# Cordata leaves Nurii Flower



## crypts (Jan 4, 2008)

This special nurii recently flower in my cultivation, i like the color. 

More picture here.


----------



## crypts (Jan 4, 2008)

Others in my cultivation:

Purpurea, Johor.









http://natureye.com/cryptocorynes/c-purpurea-flower.html


----------



## crypts (Jan 4, 2008)

Auriculata.










http://natureye.com/cryptocorynes/auriculata-flowering-in-cultivation.html


----------



## bigstick120 (Mar 8, 2005)

Nice photos! What is your setup for the crypts?


----------



## crypts (Jan 4, 2008)

bigstick120 said:


> Nice photos! What is your setup for the crypts?


Hi, thanks.

The tank i uses are various but finally settled with 22 liters plastic container with transparent cover. The key is the substrate, I uses 60-70% leaf peat, sand and some laterite. This setup based on Dr. Neils are suitable for all species of crypts except hard water one, but he uses 100% leaf peat which i found it too light to hole the roots but i think his type of soil are different from mine. Hopes this help.


----------



## ferchu22 (Oct 27, 2007)

Nice spathes!!
What do you mean with leaf peat? Maybe peat moss or leaf litter?
Don't you add some ferts?

Regards,


----------



## crypts (Jan 4, 2008)

ferchu22 said:


> Nice spathes!!
> What do you mean with leaf peat?
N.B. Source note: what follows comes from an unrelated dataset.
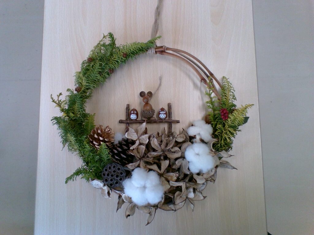 【地域生活科3年・普通科3年総合進学類型】綿のモニュメントとリースの展示3年生, 普通科, 地域生活科 / 2023年12月1日 12月1日(金)今日から12月です。井原高校では地域生活科3年生が学校設定科目「地域生活」、3年普通科総合進学類型の生徒が「生物活用」でそれぞれ作成した綿のモニュメントとリースを本校の玄関に展示しました。本校圃場で栽培された綿や精研農場で収穫されたブドウのつるを利用し、作成しました。井原特産の綿や綿ガラも利用し、学校のクリスマスムードが高まりました。
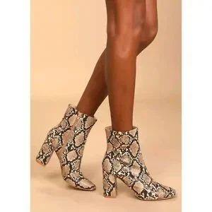 Lulus my generation Snake Reptile block heel women sz 7.5 Boots Bootie Ankle Tan

Maybe peat moss or leaf litter?
> Don't you add some ferts?
> 
> Regards,


It's black soil + decomposing leaves litter collected under trees. 100% say no to fertilizer please.

Jan's showing the type of soil under fagus trees but not limited to it, it could be any types of tree near you.


----------



## Gordonrichards (Apr 28, 2009)

So you collected soil under trees in a forest?
Any special conditions regarding location?

Did you cook the soil prior to adding it to your tanks?

-Gordon


----------



## crypts (Jan 4, 2008)

Gordonrichards said:


> So you collected soil under trees in a forest?
> Any special conditions regarding location?
> 
> Did you cook the soil prior to adding it to your tanks?
> ...


Not necessary a forest, I collected mine under big Enterolobium saman or rain trees near my office.

I soak it underwater for few days, you can boil it if you want but I didn't do that.


----------